Arts and Entertainment

Iconic Penn State elms live on in new Health and Human Development Building

Furniture maker Tom Svec, left, of Lock Haven, Pennsylvania, with his son Yuri Svec stop to pose for a photo as they install the elm wood table inside the new Health and Human Development Building at University Park. Credit: Kevin Sliman / Penn StateCreative Commons

UNIVERSITY PARK, Pa. — It is more than a piece of wood. It is a time capsule. It is preserved evidence. It is an anecdote, a flashback and a reminder of another time.

There is much value found in a carefully handcrafted table located inside the atrium of the new Health and Human Development Building along College Avenue near Old Main lawn and Pugh Street.

For more than 100 years, University Park elm trees have served as iconic fixtures at the campus, etched into the memories of thousands of alumni.

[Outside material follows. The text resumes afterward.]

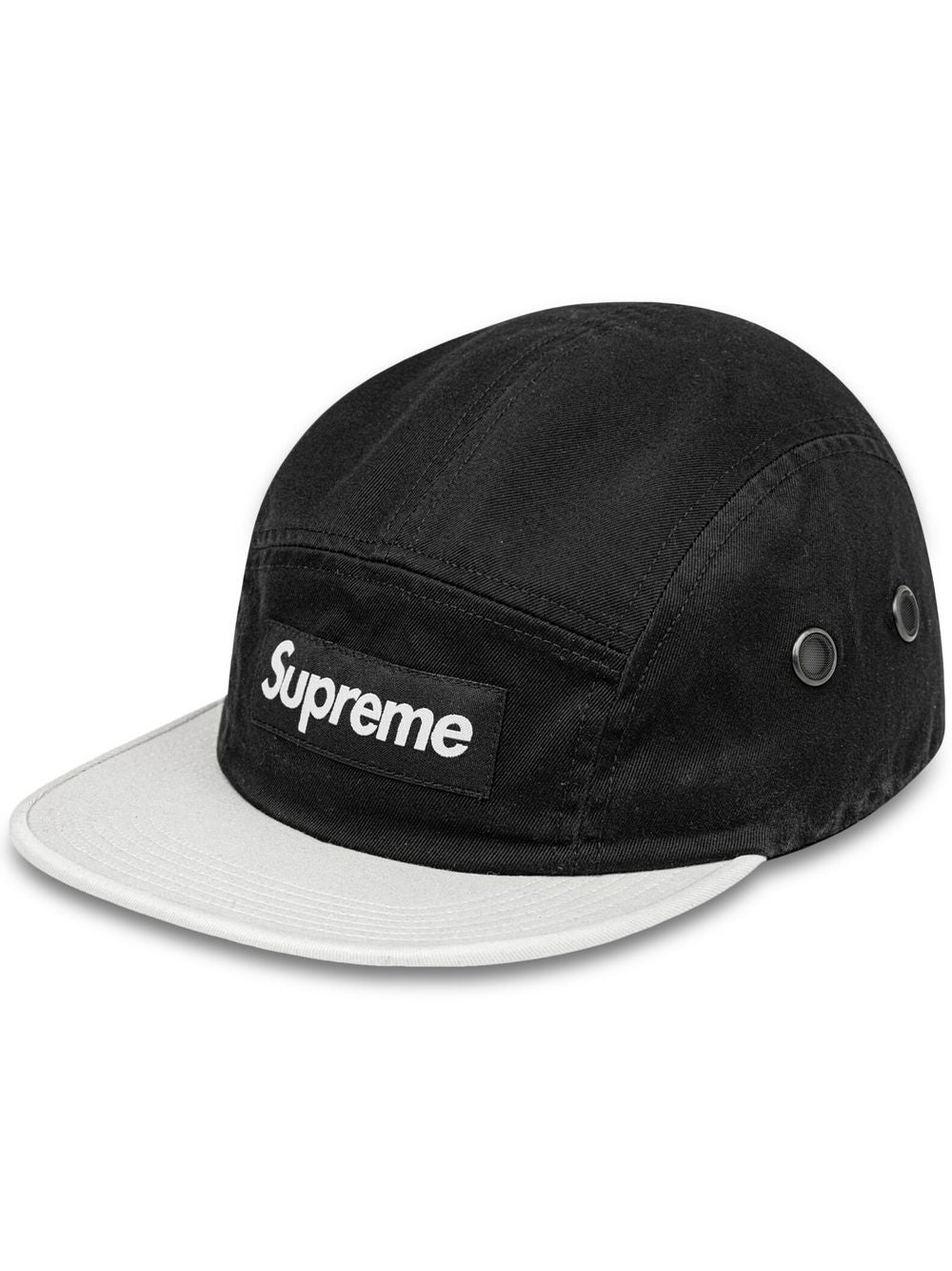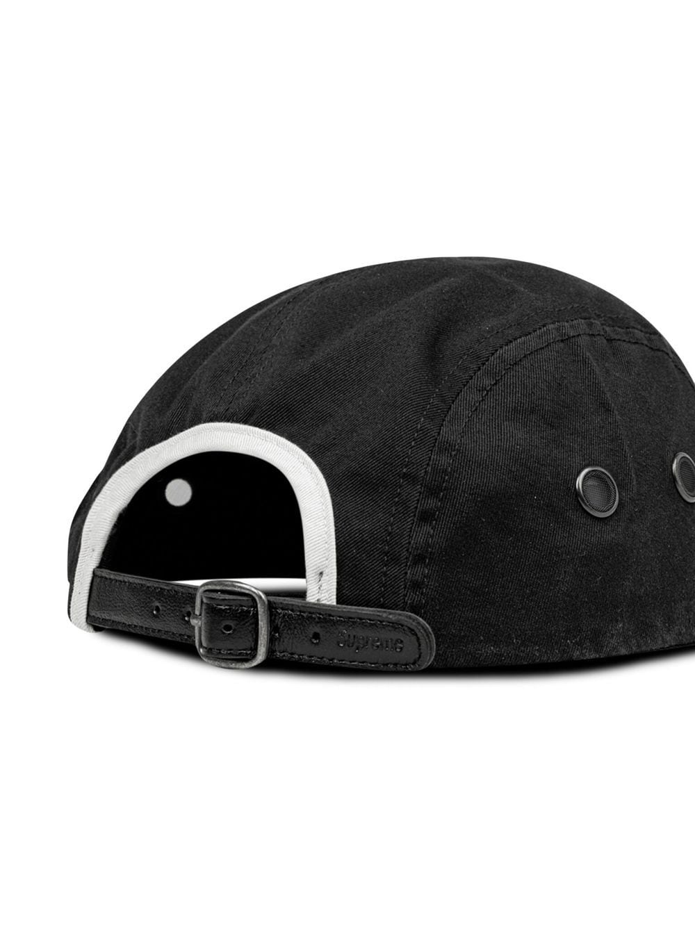 Supreme's classic camp cap is back. Here, the accessory is presented in a full black hue, enhanced by a white curved peak and a signature box logo on the front.

Unfortunately, in recent years — despite extensive efforts by Penn State plant pathologists, entomologists and the Office of Physical Plant (OPP) tree crews — disease decimated dozens of the trees, forcing their removal.

The loss was difficult for the Penn State community, so much so that OPP worked with the Penn State Alumni Association to turn the elm wood into furniture for the community to purchase. A portion of the Elms Collection, which has generated more than $500,000, is used to plant new trees at University Park.

“The wood has intrinsic value and we wanted to use it in a meaningful way,” said Phillip Melnick, director of buildings and grounds for OPP. “The Elms Collection is important because it reutilizes the wood in a way that brings great value to campus and the people that purchase the Elms Collection products.”

A portion of the elms is also being purposefully woven into the fabric of the University, including one elm planted in 1898 on the east side of Old Main Lawn on the Pugh Street Mall. The tree was 103 feet high with a 75-foot spread.

Furniture maker Tom Svec of Lock Haven, who specializes in custom furniture design, spent months carefully shaping one of roughly a dozen slabs that came from the base of the tree into a 12-foot table for the new Health and Human Development Building.

“I think it is going to be a place that is going to be very productive intellectually and socially,” Svec said. “I was given a real marquis space to place this table.”

But this table wrapped around a steel beam in an atrium space represents more than a beautiful piece of décor for an area where students and faculty members will undoubtedly congregate.

“This particular tree grew within 100 yards of where it is now situated. I do not think it gets much better than that from the furniture designer perspective,” Svec said. “Plus the piece offers a point of reference in time. By counting the tree rings you can find your birth year. It offers a way of interaction that might stimulate students to explore a little bit more.”

The table shows the vast life of this tree.

The bottom of the table features a borehole with a beech wood plug that experts believe dates to the 1950s as part of a program to inoculate the trees.

A brass pin embedded in the table's top corresponds to 1955, the centennial of the founding of Penn State.

A closer look at the tree’s rings shows the elm grew four inches in the 1950s, a time that included an economic boom under President Dwight D. Eisenhower. Conversely, the tree grew less than one inch during the 1960s, a time of turmoil, which included the assassination of President John F. Kennedy, racial tensions at home, and a war in Vietnam.

At both ends of the table there are remnants of chainsaw bypass cuts made by a Penn State arborist.

“These were left in evidence to remind people that generations of these staffers have worked for years to preserve the canopy that defines the central campus,” Svec said. “This is dangerous and difficult work made more so by the trajectory of this latest disease. Of special note are the efforts of Phillip Melnick, Jeff Dice, supervisor of grounds maintenance, and others, who saw fit to make sure that the lumber was preserved.”

Svec added, “My personal wish is to see to it that as many heritage trees as possible find their way indoors when their outdoor life is over. It may come to pass that huge trees of the sort that are abundant on the Penn State campus are a thing of memory.”

The table is located on the third floor not far from the office of Ann C. Crouter, Raymond E. and Eric Stuart Schultz Dean of the College of Health and Human Development.

“The wood for the table came from a tree that used to grow very near the HHD building — that tree was, in a very real sense, a neighbor. I hope these gifts from the elms and the University will be treasured by the college for years to come,” Crouter said.

Nearby, the Biobehavioral Health Building features elm paneling in an entrance area and conference room as well as benches. Burrowes Building, one of Penn State’s landmark buildings on the Pattee Mall, is undergoing renovations, which will include elm accent wall panels and a conference room table.

“We are honored to have been able to incorporate wood from the Penn State elms into the design of our two new buildings,” Crouter said. “In each case, elm wood is featured in the entry ways to the buildings — a fitting way to honor the neighboring trees that have graced our part of campus for so long.”